• Entries shown
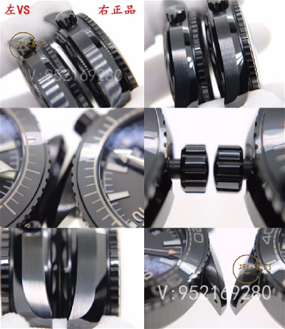 這款“深海之黑”不單單是“陶瓷殼套”那么簡單,從陶瓷的原材料,配比,燒制工藝無限接近原裝。整個殼套也不只追求外觀相似度,而且整個殼套的內部結構,配件,都是無限接近的1:1進行復刻的。這款“深海之黑”的殼套結構有兩個開創之舉:“一體化陶瓷殼套”,以往的出現的陶瓷殼套腕表,陶瓷殼內都含有一個金屬內膽,連結整個殼套構件,啟到密封防水的作用。而這款“深海之黑”的殼套是均由整塊黑色陶瓷打造而成的,又要確保能夠防水而去還要能夠潛水,在陶瓷制表工藝上邁上了新的臺階,這對歐米茄來說在腕表中堪稱開創之舉,這對VS來說把復刻表的制造工藝、精度又提升一個高度,堪稱又一個新的里程杯。還有,值得一提的是,VS版本的“深海之黑”的底蓋也做到跟正品一樣,也是啞光黑陶瓷,大家不用再擔心底蓋出現掉色的問題。
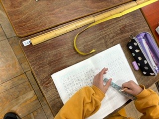 2年生の算数では、両手を広げた長さをどのように測ったらいいかを考えました。ものさしをつぎたして測ったり、1mものさしを使ったりして「すごく長い!」「強そう!」など、喜ぶ声も聞かれ、楽しく学習することができました。
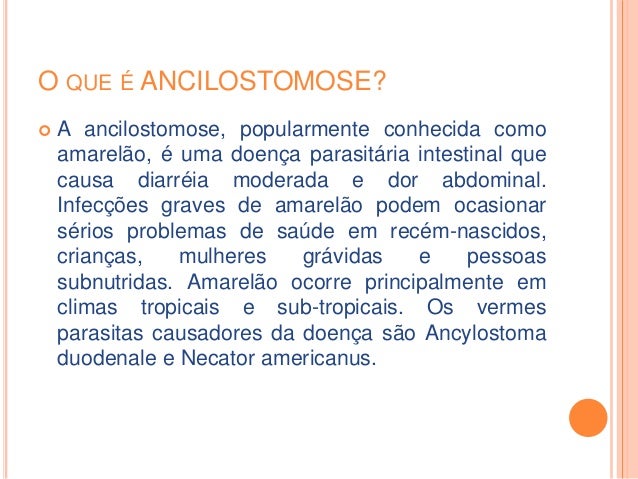 - 2. O QUE É ANCILOSTOMOSE? A ancilostomose, popularmente conhecida como amarelão, é uma doença parasitária intestinal que causa diarréia moderada e dor abdominal. Infecções graves de amarelão podem ocasionar sérios problemas de saúde em recém-nascidos, crianças, mulheres grávidas e pessoas subnutridas. Amarelão ocorre principalmente em climas tropicais e sub-tropicais. Os vermes parasitas causadores da doença são Ancylostoma duodenale e Necator americanus.
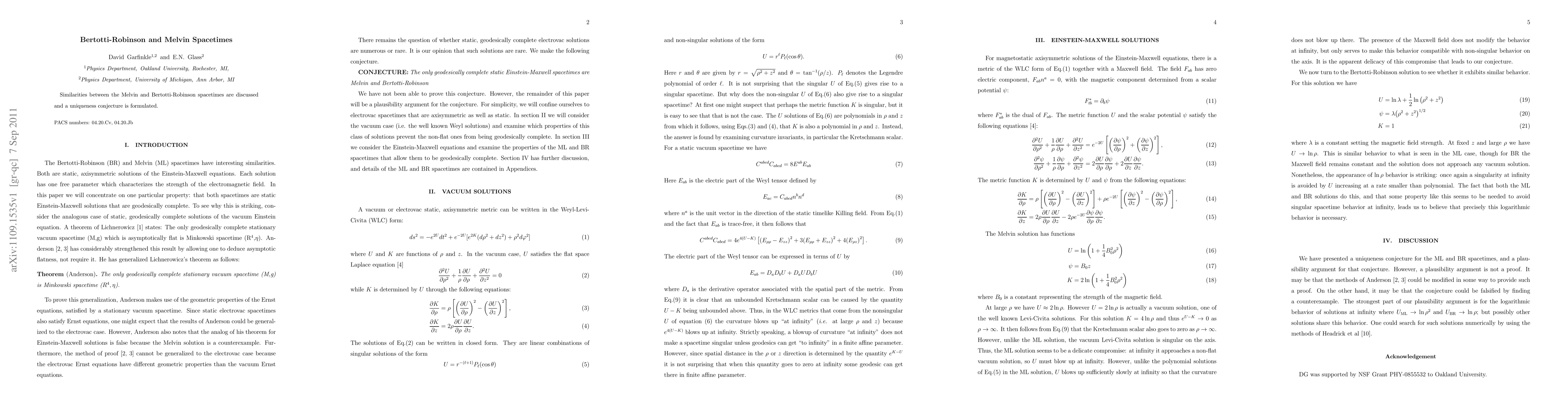 Summary: This paper explores the similarities between the Melvin and Bertotti-Robinson spacetimes, proposing a conjecture regarding their uniqueness and potential equivalence in certain physical contexts.
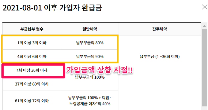 납부 월수가 6회 이하라면 해약 환급금을 100%를 돌려받지 못하게 됩니다. 3회 이하일 경우에는 납부부금의 80%, 6회 이하일 경우에는 납부부금의 90%를 돌려받게 되죠.
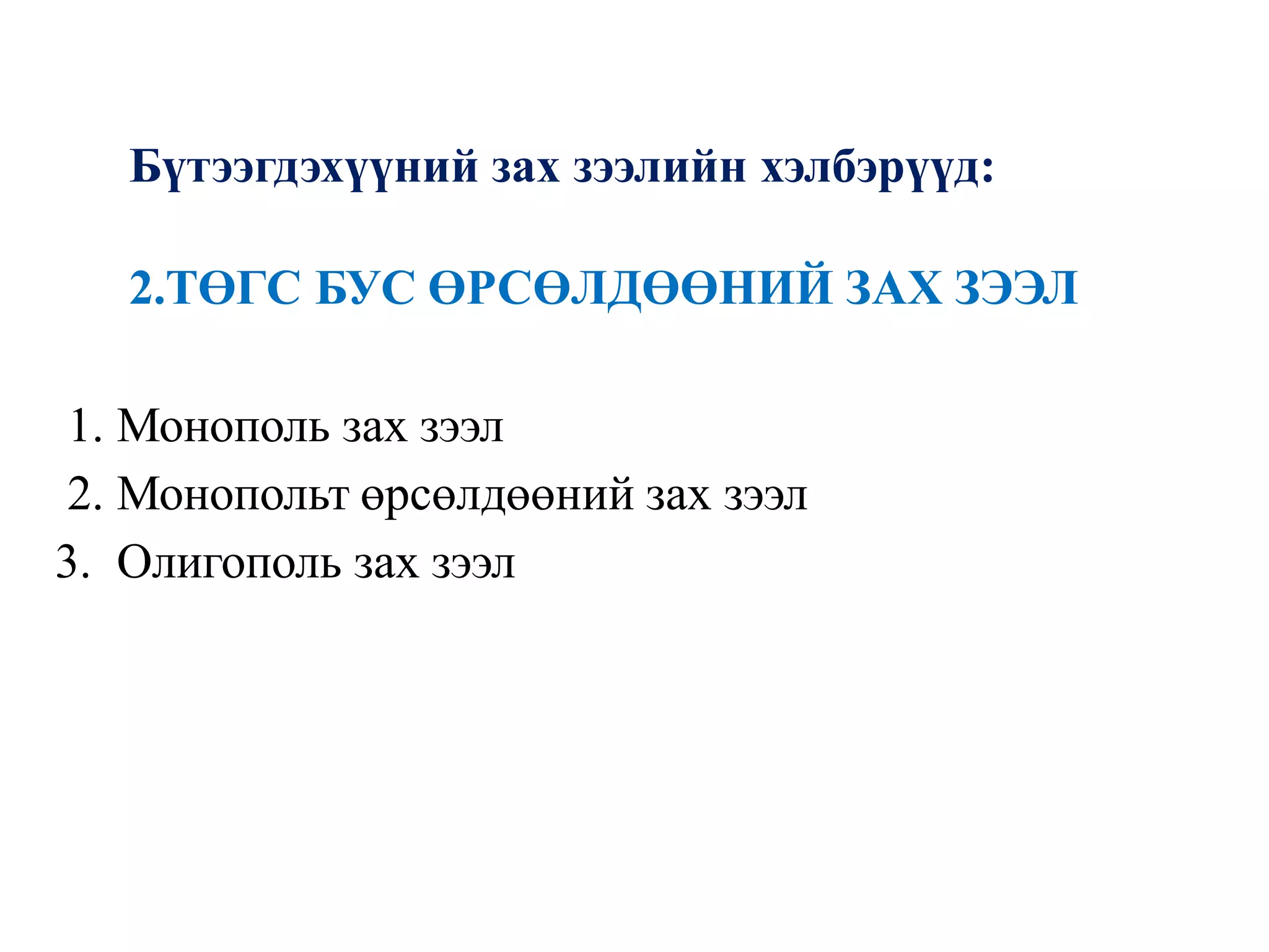 Бүтээгдэхүүний зах зээлийнхэлбэрүүд:
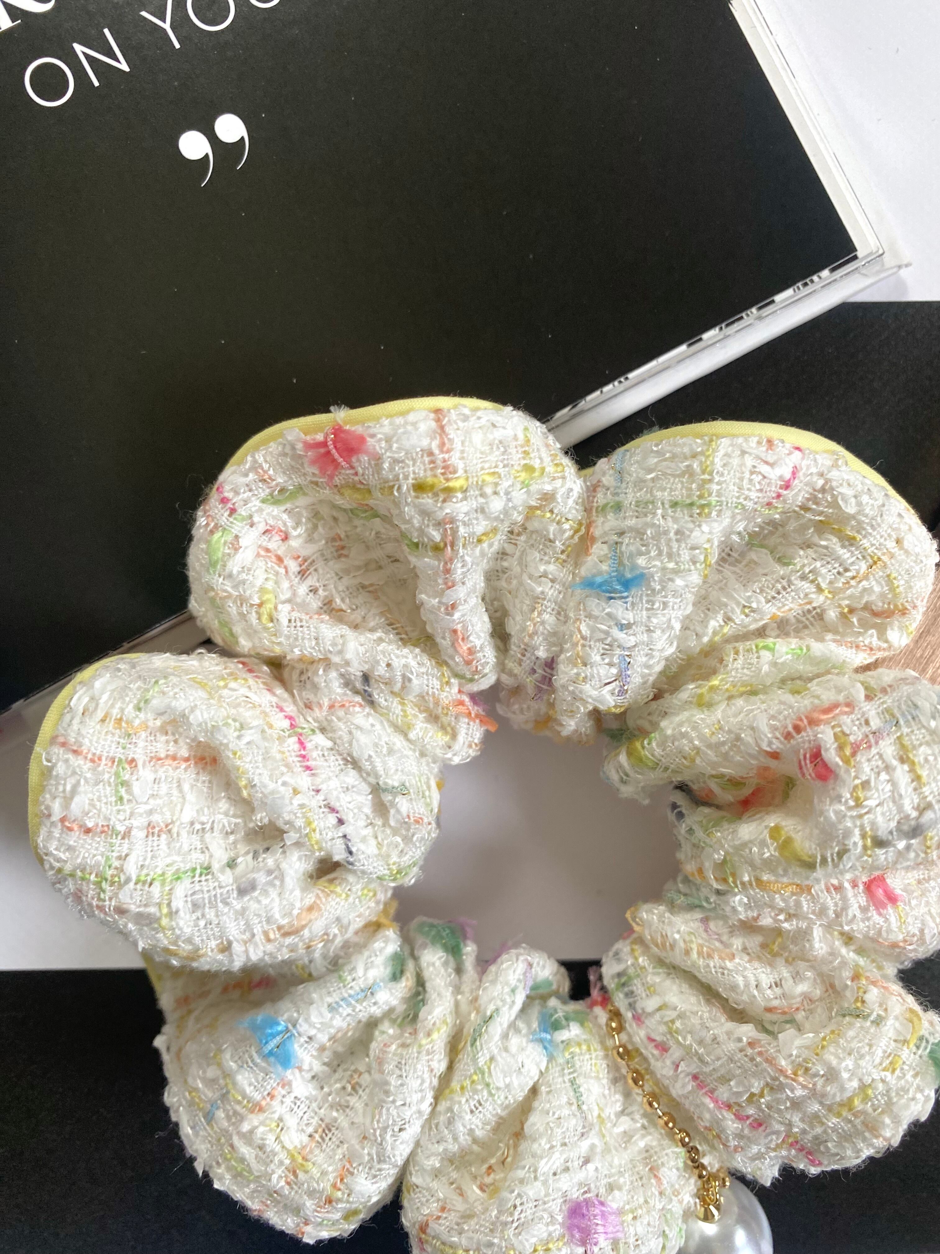 ツイードシュシュ(ホワイト×パステル)

• What is being asked
Begin at the line containing "Summary: This paper" and stop at the final line of the data. Retype those lines exactly, without the pictures.

• Your response
 Summary: This paper explores the similarities between the Melvin and Bertotti-Robinson spacetimes, proposing a conjecture regarding their uniqueness and potential equivalence in certain physical contexts.
 납부 월수가 6회 이하라면 해약 환급금을 100%를 돌려받지 못하게 됩니다. 3회 이하일 경우에는 납부부금의 80%, 6회 이하일 경우에는 납부부금의 90%를 돌려받게 되죠.
 Бүтээгдэхүүний зах зээлийнхэлбэрүүд:
 ツイードシュシュ(ホワイト×パステル)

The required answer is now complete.